According to Williams et al.,25 elderly adults with pain have poor social interaction, which makes feelings of hopelessness and abandonment become a normal pattern of their experience. In this regard, Gaston et al.,26 state that the family is the most important reference nucleus for the elderly. Family and social support provide a sense of satisfaction and adaptation and reduce levels of anxiety and depression in elderly adults. Also, elderly adults can develop a series of cognitive skills through their interaction with the environment, which allows them to adapt to their situation. Elderly adults with chronic pain develop and use various strategies to cope with, manage, or minimize the effects of pain. These may include behaviors like resting, changes of posture, exercise, or using apparatuses like splints and walking canes, among others; likewise, they seek to change the way of thinking through tactics like concentrating on something to get distracted, calm down, practice positive attitudes, and praying; aspects contemplated by Barragán and Almanza.27

Comprehending the cognitive subsystem is fundamental for nurses because, in a certain way, it explains the behaviors of elderly adults upon the situation of chronic pain. The ability to cope with adverse situations is quite broad with human beings.
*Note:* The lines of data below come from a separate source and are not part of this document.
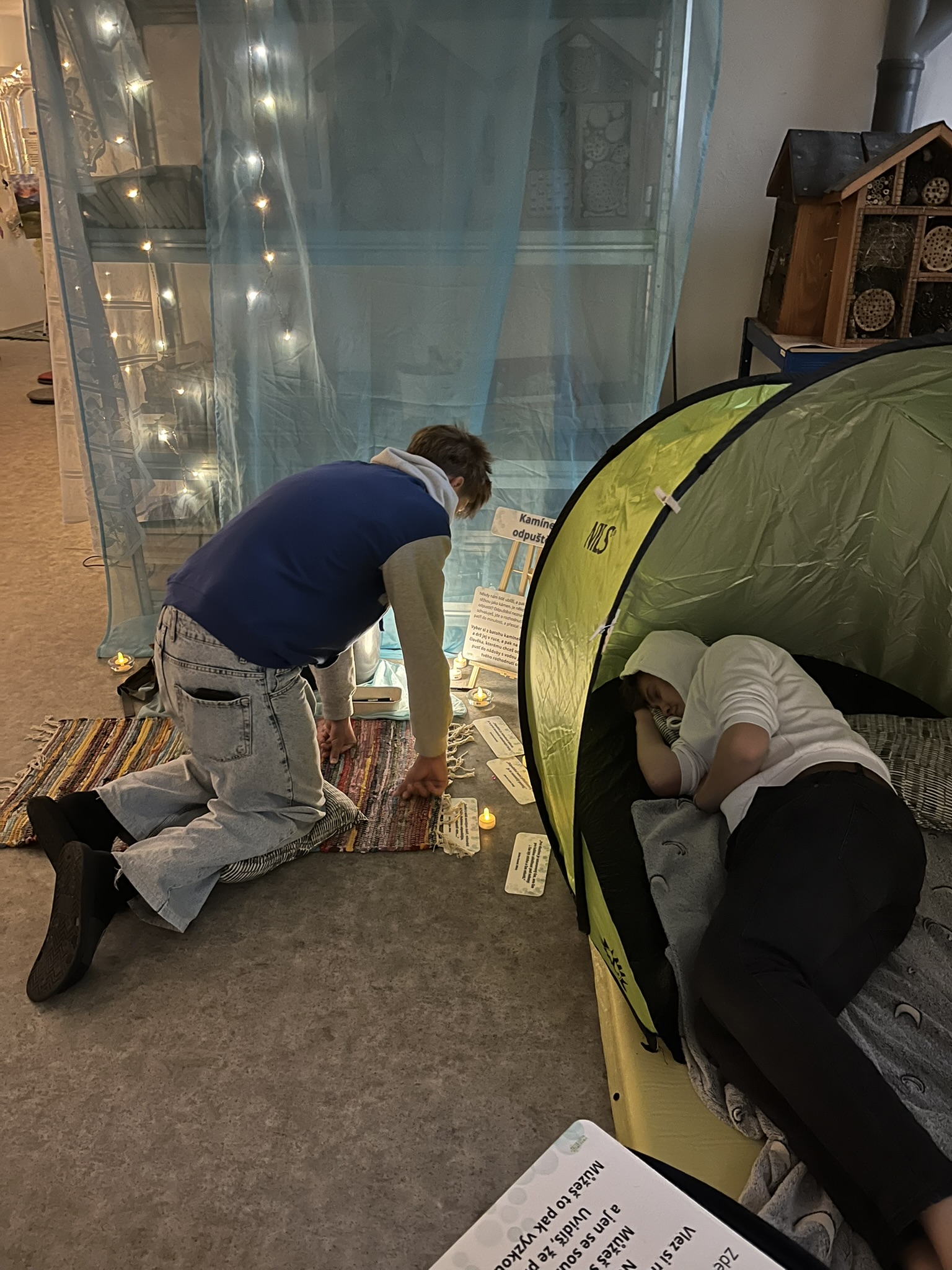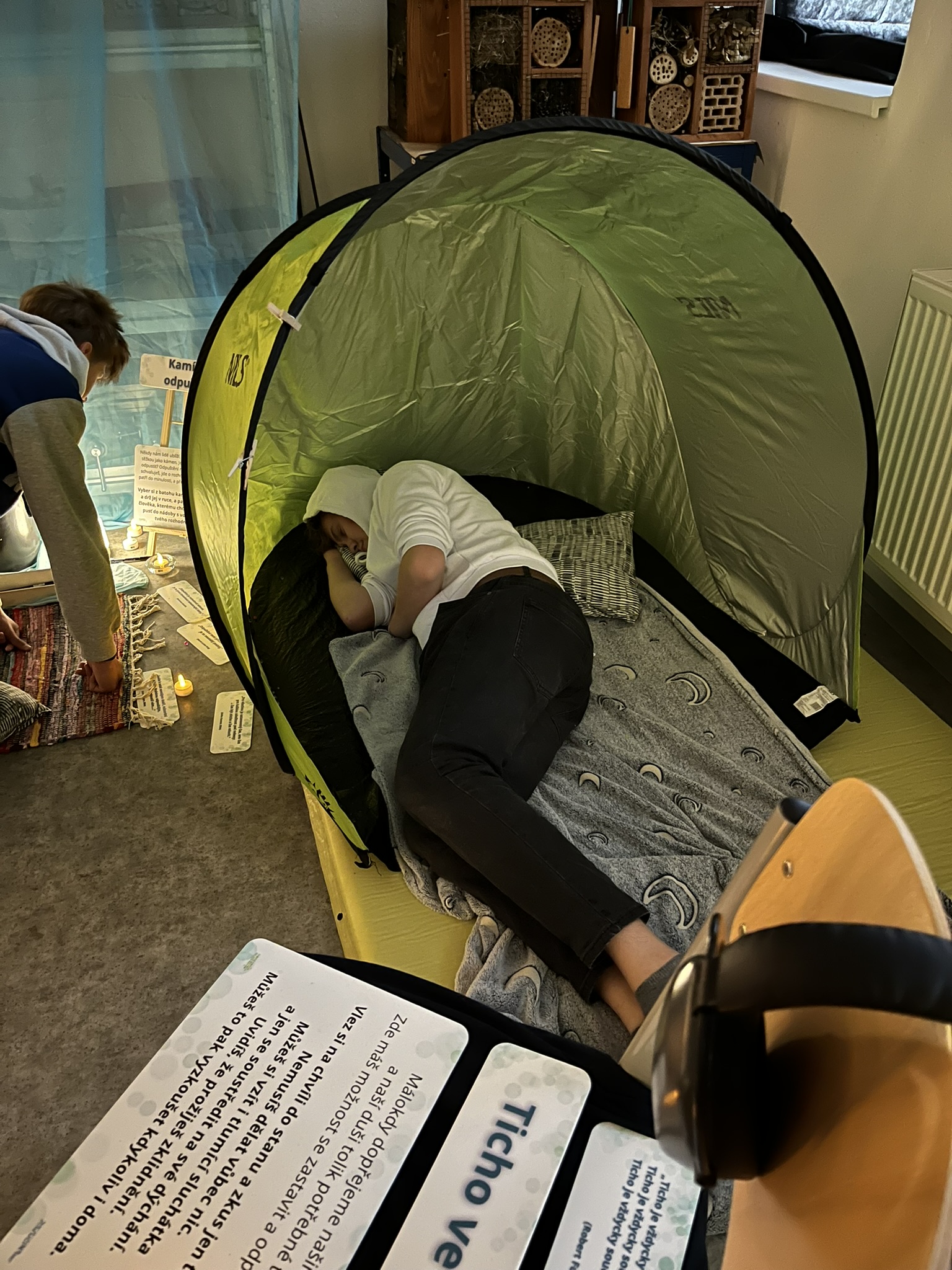 Ve čtvrtek jsme strávili jednu hodinu v Oáze – učebně, která se na několik dní proměnila v příjemné a bezpečné místo pro ztišení a odpočinek. Žáci měli možnost se zapojit do aktivit podporujících duševní pohodu a osobní rozvoj. Formou zážitkových úkolů se zamýšleli nad otázkami identity, vlastní hodnoty, odvahy či vděčnosti. Díky tvořivému a interaktivnímu zpracování mohli své myšlenky prozkoumávat individuálně i v klidné atmosféře. Hodina v Oáze tak byla prostorem k odpočinku, sebereflexi i k objevování hlubších souvislostí života.
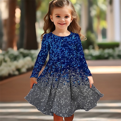 ragazze' 3D Cartoni animati Abito Manica Lunga Estate Primavera Vacanza Quotidiano Ferie Principessa Bello Dolce Bambini 4-12 Anni Vestito Casual Abito a trapezio Lunghezza al ginocchio Vestibilit
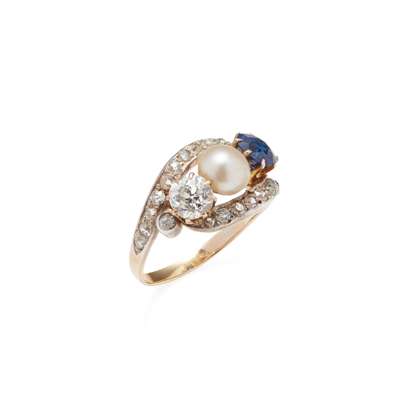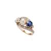 A sapphire, diamond and pearl set ring
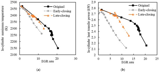 The temperature and pressure in the combustion chamber were lower than in the original engine throughout the combustion process because the in-cylinder pressure and temperature were low at the initial moment of compression. The highest in-cylinder temperature was reduced by more than 10 K for both the EIVC and LIVC Miller cycles, as shown in Figure 10, for a comparison of the highest in-cylinder temperature at different intake valve closing times. Because of the decreased heat transfer, as illustrated in Figure 11, the Miller cycle was used after the cylinder heat transfer was reduced, resulting in an increase in useful work.
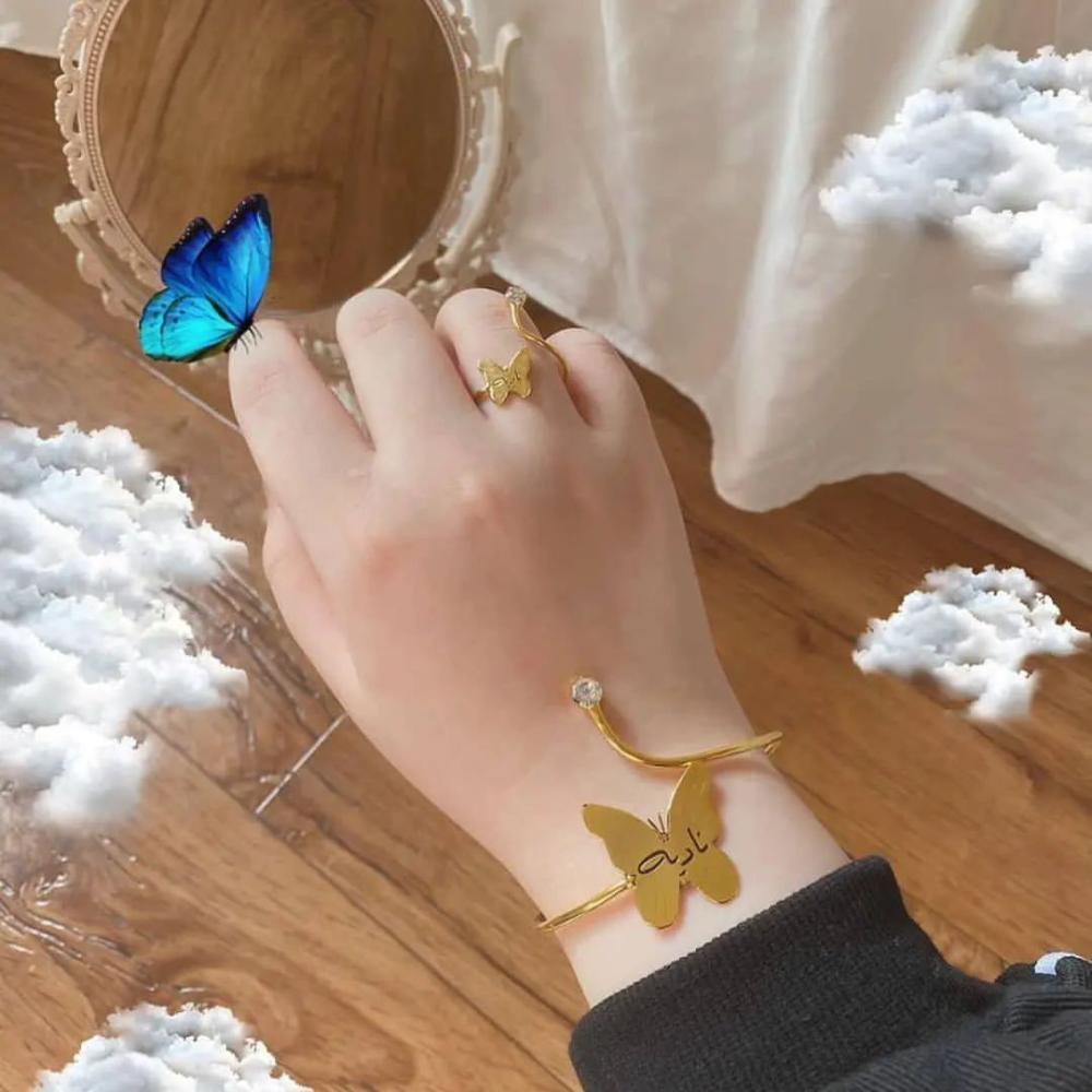 أجمل هدية نسائية خاتم واسوارة بالاسم فخمة بطلاء ذهب أو فضة
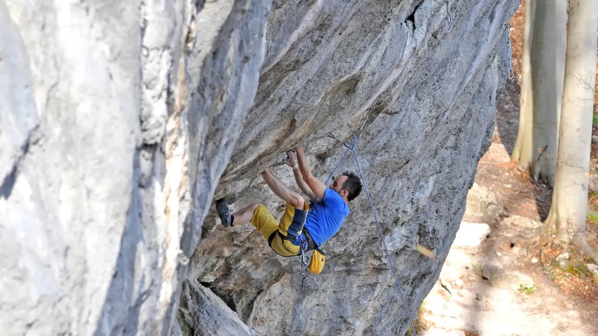 Sziklamászás természetes sziklafalon Budapest közeli mászóiskolában
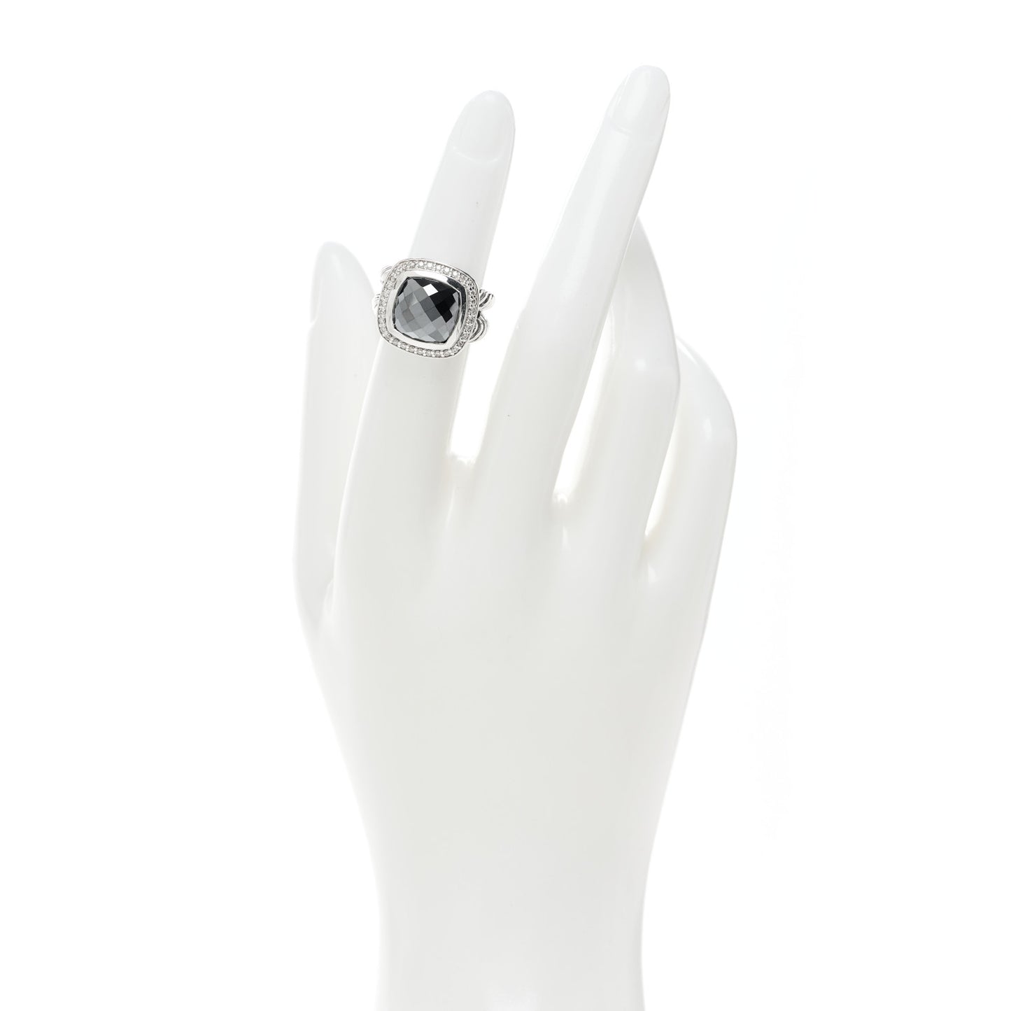 This is an authentic DAVID YURMAN Sterling Silver Diamond Hematite 11mm Albion Ring size 48 or 4.5. The ring is crafted of sterling silver and features an 11mm hematite center stone framed by pave set diamonds weighing approximately .32 total carat weight.
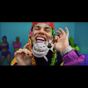 Bruce also appears as a painting on the wall in the visuals, as well as on 6ix9ine's yellow hoodie in some of the shots. Perhaps the Disney shark will serve as 6ix9ine's new mascot?

Each individual interprets and reacts to given situations in different ways and, according to this, responds to environmental stimuli. Whetsell et al.,28 hold that what determines an individual’s quality of life are not the circumstances that cause them stress, but they react against these and their ability to adapt to changes.

Final considerations

Analysis of the results emerging from the exploratory study showed how chronic pain entails a series of effective and ineffective behaviors that affect the means of adaptation of elderly adults in relationship to MAR. Responses in means of adaptation reveal the experience of living with chronic benign pain during aging, given that it describes the process through which elderly adults use their internal and external resources to take over environmental demands and, thus, control the stimuli that trigger pain to achieve adapting to their condition. Comprehending the experience of chronic benign pain during aging from the perspective of the Adaptation model by Callista Roy provides theoretical support to the data of the exploratory study and show the need to use nursing theories in order to enhance and understand disciplinary phenomena.

Through this exploratory study, support is granted to the MAR conceptual elements, evidenced through the analysis of some proposals inherent to the model, to corroborate their compliance. We were able to verify the pertinence and validity of one of the MAR proposals: “human beings, as adaptive systems, have the capacity to adapt to and create changes in the environment”9 and this will test the coherence of the results obtained and, likewise, that the conceptual model used was appropriate for the analysis.